Tracy: 'When you can't run, you crawl... and when you can't crawl, when you can't do that--' Zoe: 'You find someone to carry you.'

'The Message'


Natter 74: Ready or Not  

Off-topic discussion. Wanna talk about corsets, duct tape, butt kicking, or physics? This is the place. Detailed discussion of any current-season TV must be whitefonted.


Steph L. - Nov 04, 2015 12:28:26 pm PST #8497 of 30003
this mess was yours / now your mess is mine

The phone guys are in the manhole. I wish that were as exciting as it sounds. But no; they are literally in a manhole. Or at least one is.


tommyrot - Nov 04, 2015 12:47:59 pm PST #8498 of 30003
Sir, it's not an offence to let your cat eat your bacon. Okay? And we don't arrest cats, I'm very sorry.

The Manhole was my favorite name for a gay bar.


msbelle - Nov 04, 2015 1:01:32 pm PST #8499 of 30003
I remember the crazy days. 500 posts an hour. Nubmer! Natgbsb

Being in front of a computer as much as I am makes tracking much easier than if I was out and about a lot. I don't think I am obsessive about it, but it is kinda like a puzzle game to me. I can swap this for that or skip this or add that. If I know I'm going to eat out then other meals that day slide toward low calorie low fat options.

Also I just don't buy some stuff anymore since I won't be mindful with it. Tostitos lime chips, cereal, sweet cinnamon almonds,


-t - Nov 04, 2015 1:07:35 pm PST #8500 of 30003
I am a woman of various inclinations and only some of the time are they to burn everything down in frustration

I enjoy tracking data in general, so getting obsessive about tracking what I eat is more just channeling that than creating a new thing to do. It works for me. I totally get it's not for everyone.

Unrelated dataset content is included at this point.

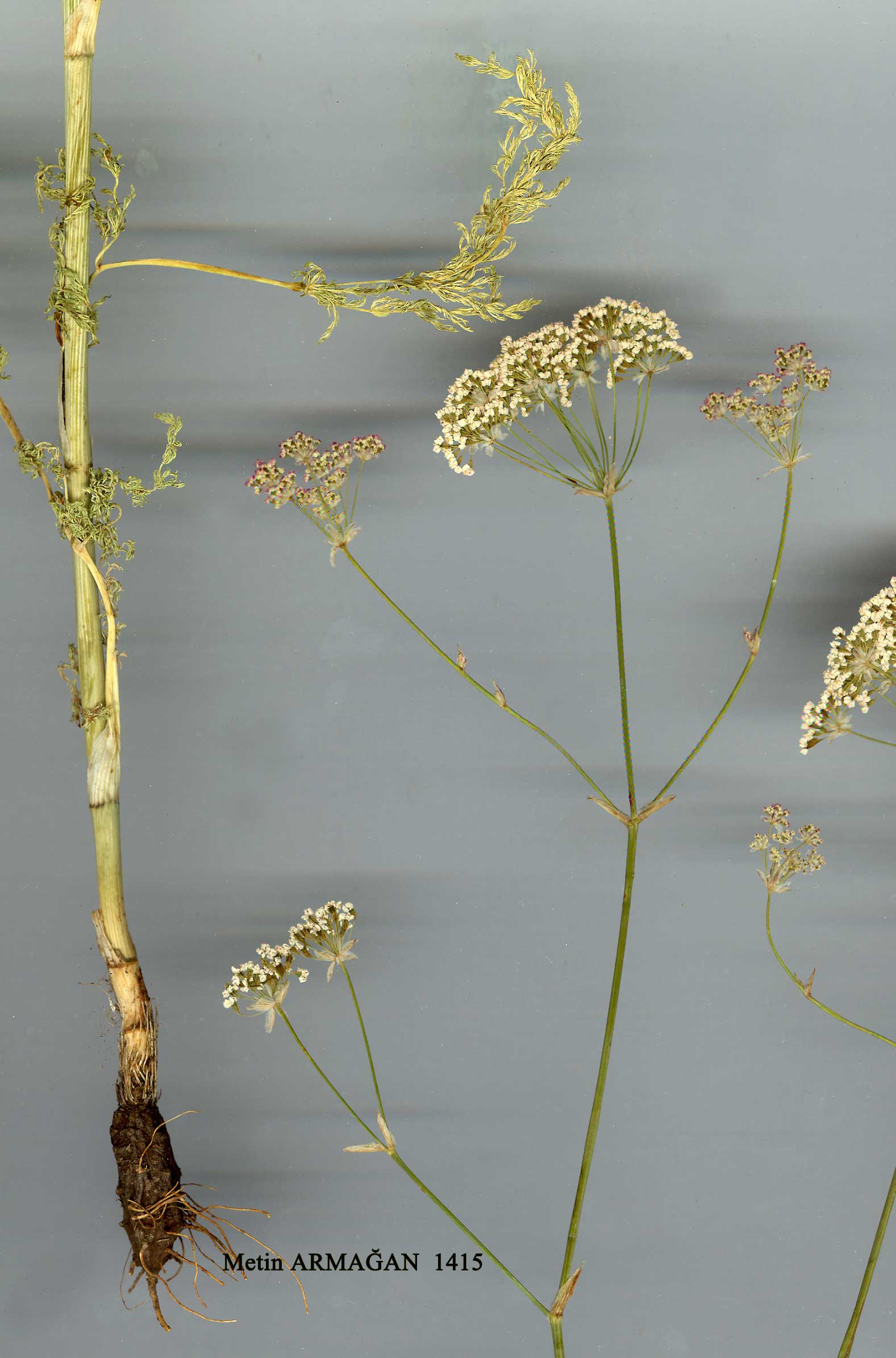 | S. glaucescens (D C.) Boiss., FI. Or. 2:877 (1872). Syn: Buniumglaucescens DC, Prodr. 4:117 (1830); Butinia glaucescens (DC.) Boiss. in Ann. Sci. Nat. ser. 3, 1:61 (1844); Elaeostictaglaucescens (DC.) Boiss., Diagn. ser. l(10):51 (1849); Carum glaucescens (DC.) O. Kuntze in Acta Horti Petrop. 10:190 (1887). Glabrous glaucous perennial with fusiform rootstock; stem 60-90 cm. Basal leaves lanceolate in outline, 3-pinnate; ultimate segments short, linear, sessile. Umbels 9-19-rayed; bracts and bracteoles 1-3 mm, ovate-oblong, scarious. Mericarps c. 2.5 mm, oblong, ridges obsolete. Type: [N.W. Iran] in convallibus herbidis ad Seidkhozi Persiae, Szovits. E. Anatolia, rare. A9 Kars: nr. Kağizman (Grossheim 7: map 53-1 record). B9 Van: gorge 20 km E. of Hasbaşi, 1920 m, Hub.-Mor. 10930. N.W. Iran, Soviet Armenia. |

Steph L. - Nov 04, 2015 1:36:04 pm PST #8501 of 30003
this mess was yours / now your mess is mine

The Manhole was my favorite name for a gay bar.

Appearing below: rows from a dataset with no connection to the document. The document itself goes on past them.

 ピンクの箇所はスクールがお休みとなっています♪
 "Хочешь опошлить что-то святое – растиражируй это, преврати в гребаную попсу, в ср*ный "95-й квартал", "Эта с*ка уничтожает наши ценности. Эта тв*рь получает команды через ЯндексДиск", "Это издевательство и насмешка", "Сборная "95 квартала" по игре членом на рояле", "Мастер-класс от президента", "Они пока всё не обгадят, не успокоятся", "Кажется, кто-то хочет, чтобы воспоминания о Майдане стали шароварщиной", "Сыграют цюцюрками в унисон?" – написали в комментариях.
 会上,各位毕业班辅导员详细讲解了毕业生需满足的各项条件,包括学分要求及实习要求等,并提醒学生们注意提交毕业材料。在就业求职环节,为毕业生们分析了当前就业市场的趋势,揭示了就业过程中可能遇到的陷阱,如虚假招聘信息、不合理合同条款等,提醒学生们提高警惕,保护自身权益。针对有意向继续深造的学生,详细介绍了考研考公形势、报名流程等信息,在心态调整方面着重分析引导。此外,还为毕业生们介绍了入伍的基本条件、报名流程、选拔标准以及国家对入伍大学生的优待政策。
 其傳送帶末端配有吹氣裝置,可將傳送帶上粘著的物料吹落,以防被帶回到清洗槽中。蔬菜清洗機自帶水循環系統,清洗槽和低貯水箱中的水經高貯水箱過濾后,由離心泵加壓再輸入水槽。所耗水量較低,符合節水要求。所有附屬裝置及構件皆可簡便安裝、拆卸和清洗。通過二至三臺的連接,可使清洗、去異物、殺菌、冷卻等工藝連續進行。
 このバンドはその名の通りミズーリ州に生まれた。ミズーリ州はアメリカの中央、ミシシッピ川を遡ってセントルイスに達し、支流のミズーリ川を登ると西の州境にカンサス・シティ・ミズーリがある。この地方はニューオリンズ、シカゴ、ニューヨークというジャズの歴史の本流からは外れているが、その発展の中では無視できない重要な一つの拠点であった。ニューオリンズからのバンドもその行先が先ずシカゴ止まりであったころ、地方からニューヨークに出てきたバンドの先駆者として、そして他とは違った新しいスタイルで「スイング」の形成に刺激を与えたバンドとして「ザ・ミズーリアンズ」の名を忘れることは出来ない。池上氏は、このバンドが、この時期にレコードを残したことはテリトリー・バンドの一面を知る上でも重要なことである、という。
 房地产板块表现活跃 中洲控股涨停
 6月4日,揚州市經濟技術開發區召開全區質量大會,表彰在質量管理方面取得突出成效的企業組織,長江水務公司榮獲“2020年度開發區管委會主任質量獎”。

We had a gay bar called The Pipeline; in the basement was a separate bar called The Manhole.

Also I just don't buy some stuff anymore since I won't be mindful with it. Tostitos lime chips

Oh my god, those chips are made with crack. They HAVE to be. Also Snapea Crisps. I can eat the whole bag in 2 seconds flat. And, of course, TJs Baconesque popcorn.


billytea - Nov 04, 2015 1:48:30 pm PST #8502 of 30003
You were a wrong baby who grew up wrong. The wrong kind of wrong. It's better you hear it from a friend.

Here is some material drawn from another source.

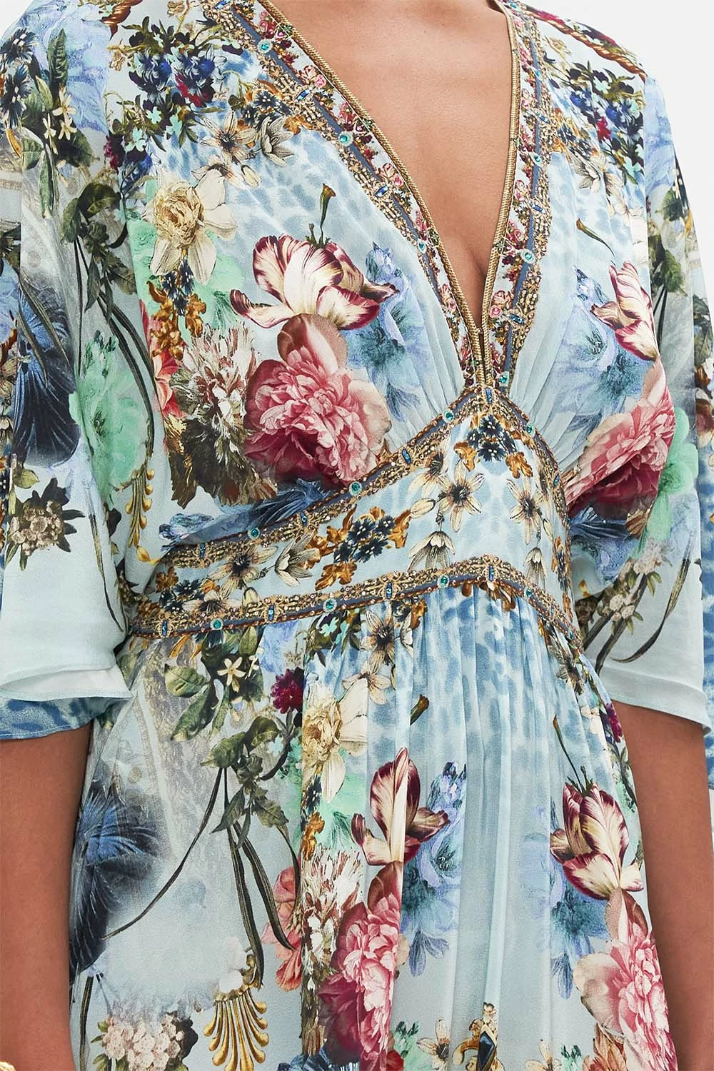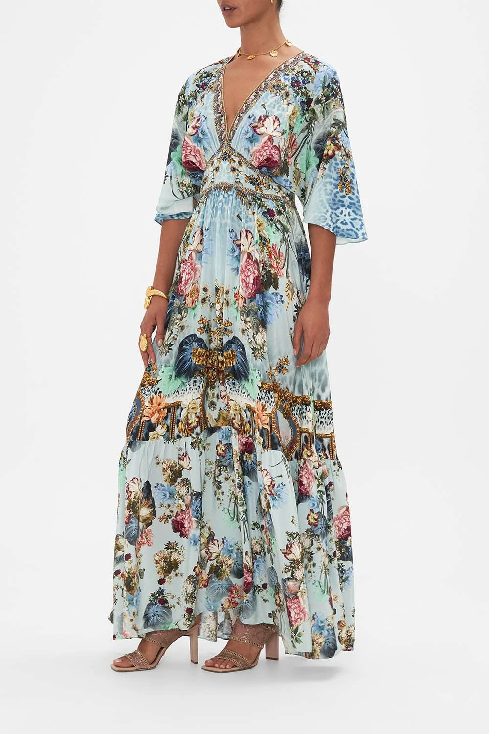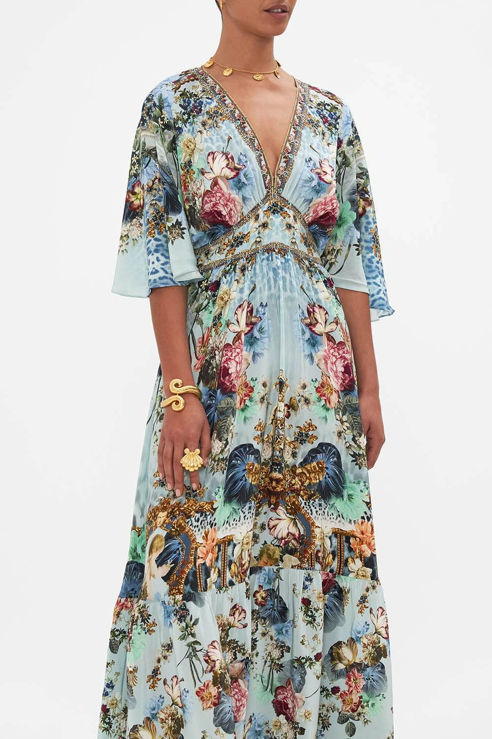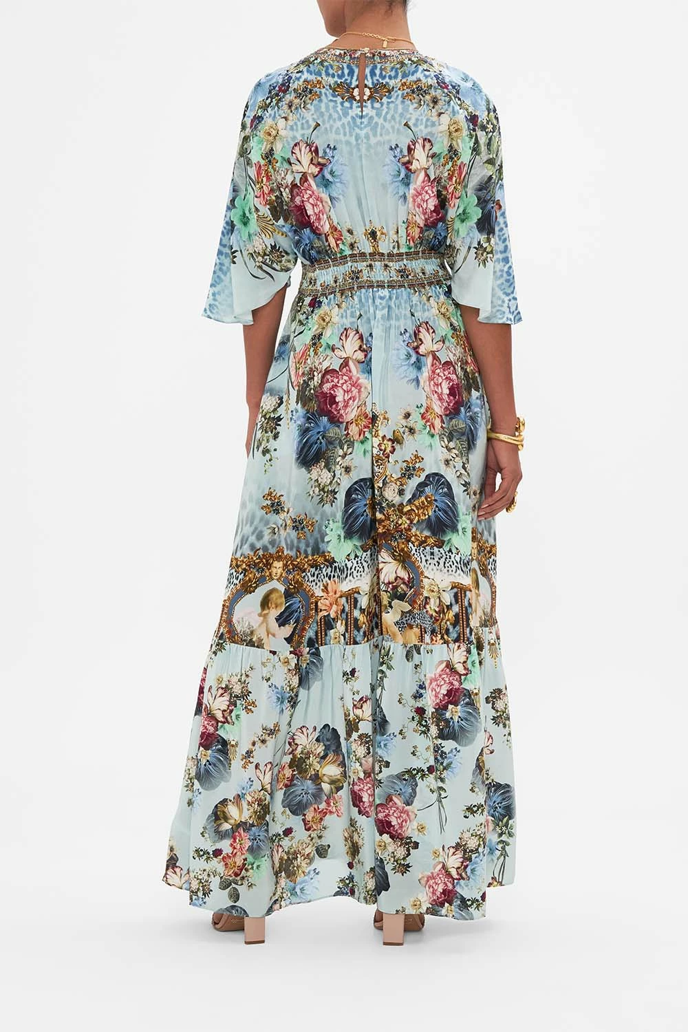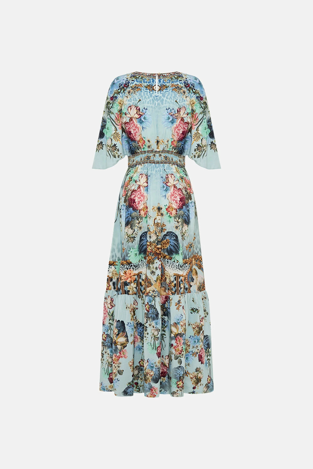 The Letters To Leo Waisted Dress With Hem Ruffle echoes the sweet symphony fresco blues awashed in opulent florals, ethereal cherubs and grand gilded archways. A beautifully feminine silhouette, this luxury silk maxi dress features signature crystal embellishments, a shaped waistband with back shirring details to cinch and accentuate the curves, floaty draped statement sleeves, pocket functionality and a wide ruffle on the full length hemline. Designed to move you stylishly from places, parties and magical moments. Lovingly handcrafted, designed in Australia. Explore more from the Amore Mio collection.

We had a gay bar called The Pipeline; in the basement was a separate bar called The Manhole.

"Welcome to the Manhole, guv'nor. What can I get you?"
"I'd like an entendre, my good man. And make mine a double."


Burrell - Nov 04, 2015 2:11:24 pm PST #8503 of 30003
Why did Darth Vader cross the road? To get to the Dark Side!

Oh my god, those chips are made with crack. They HAVE to be.

Did y'all see that article about the restaurant in China that was caught putting heroin poppy seed pods in their noodle dishes? They were hoping their diners would get addicted to them.


Sheryl - Nov 04, 2015 2:19:10 pm PST #8504 of 30003
Fandom means never having to say "But where would I wear that?"

Timelies all!

Ugh, the commute this morning was awful. I took the little guy to daycare, which is north of our house. Therefore I got on 270 a good bit further up, and it was stop-and-go all the way down to my exit. Then there was a bad accident on Rockville Pike so all the traffic was routed to the road I take, which meant a 2 mile drive took an hour.


-t - Nov 04, 2015 2:32:00 pm PST #8505 of 30003
I am a woman of various inclinations and only some of the time are they to burn everything down in frustration

Oh how I love tortilla chips with lime. Chili lime anything, really, nom nom nom.

Ugh, Sheryl, that's awful.

Ha! Found my employee badge (wedged between the driver's seat and the center console where it inevitably was caught when I had it clipped to my Halloween costume on Friday) and my keys (on the loveseat, not even between the cushions, just sitting there) and now I will put Trackrs on both of them. Take that whatever force takes joy in me misplacing things.

Also, I left work half an hour late because I was talking to a coworker about this time-spent-on-task spreadsheet we've been asked to fill out and how inaccurate it is gonna be. I mean, mine will be very accurate for the four days I have to actually track my time, but generalizing from that sample makes very little sense. I don't know if it's better or worse that I was off the clock for that conversation.

Edited for homophone


shrift - Nov 04, 2015 2:41:55 pm PST #8506 of 30003
"You can't put a price on the joy of not giving a shit." -Zenkitty

I'm doing one of those escape from a locked room team building things tonight.